After telling God He could have everything—even my very
dream of finishing school early—I was given a choice which tore me to pieces.
Honestly, I had no idea what to do.
“I do not
understand what I do. For what I want to do I do not do, but what I hate I do. And
if I do what I do not want to do, I agree that the law is good. As it is, it is
no longer I myself who do it, but it is sin living in me. For I know that good
itself does not dwell in me, that is, in my sinful nature. For I have the
desire to do what is good, but I cannot carry it out. For I do not do the good
I want to do, but the evil I do not want to do—this I keep on doing. Now if I
do what I do not want to do, it is no longer I who do it, but it is sin living
in me that does it (Romans 7:15-20).”
Sunday morning, after hours of attempting to hear the still
small voice within my heart, I requested prayer for my dilemma; immediately
after my friend asked God to show me what to do, I heard a still voice saying, “Don’t
do it, my child; you are too fragile—the unceasing stress will overtake you.

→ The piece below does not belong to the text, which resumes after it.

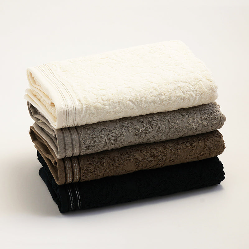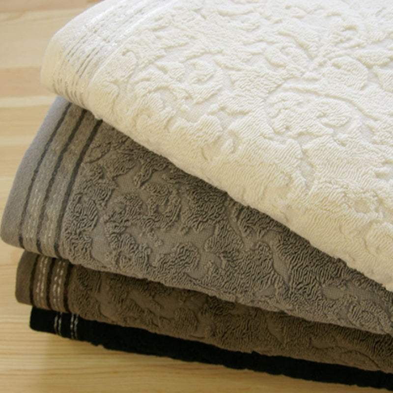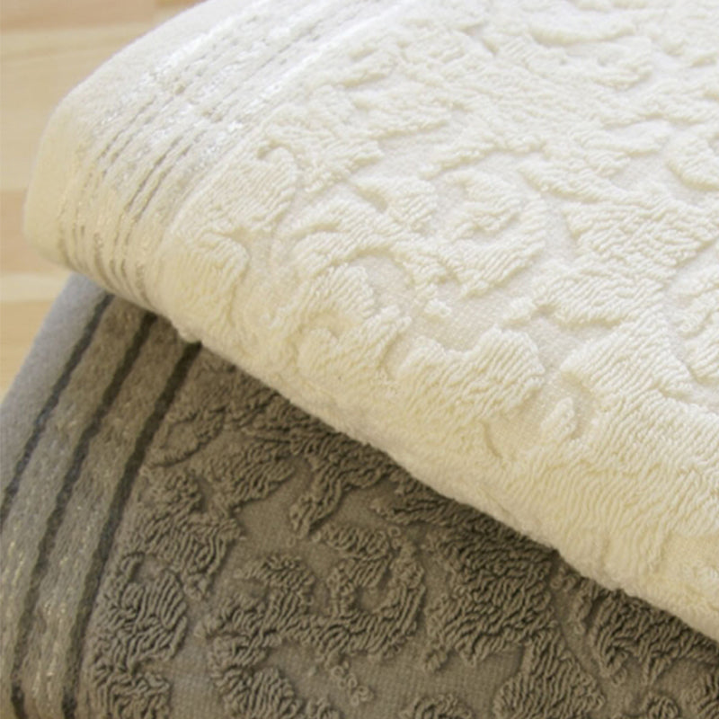 Soft and voluminous Jacquard towels with a long pile of sweet-twist yarn.

Anyway, what is the rush—why are you always in such a hurry? Take time to enjoy
life and to do what you love—to take time for you. When is the last time you’ve
done that?” I was convicted—everything He’d just said was undeniably true: I have
become a victim to the tight grips of speed, seeking its ever-present
adrenaline rush rather than that of God. I am still young, no matter how much I
try to convince myself otherwise, and have my whole life as a nurse ahead of me—why
rush into it? I want to be the absolute best nurse possible and cannot risk
losing my soul—my sanity. As the world flies by around me at an absurd pace
with stress overtaking, I am choosing to stay separate—to take my time and
drench myself in knowledge because I’m only given one life to live, which has
already been spared countless times. Rather than spending the summer with my
nose in my nursing books, I am going to spend it at God’s feet, serving humbly
in missions & strengthening my inner character—ultimately gaining my soul.
1 comment:
Chelsea, this is a beautiful tribute to maintaining a sense of balance that we all need to have in our lives. I think you made a very wise and mature choice.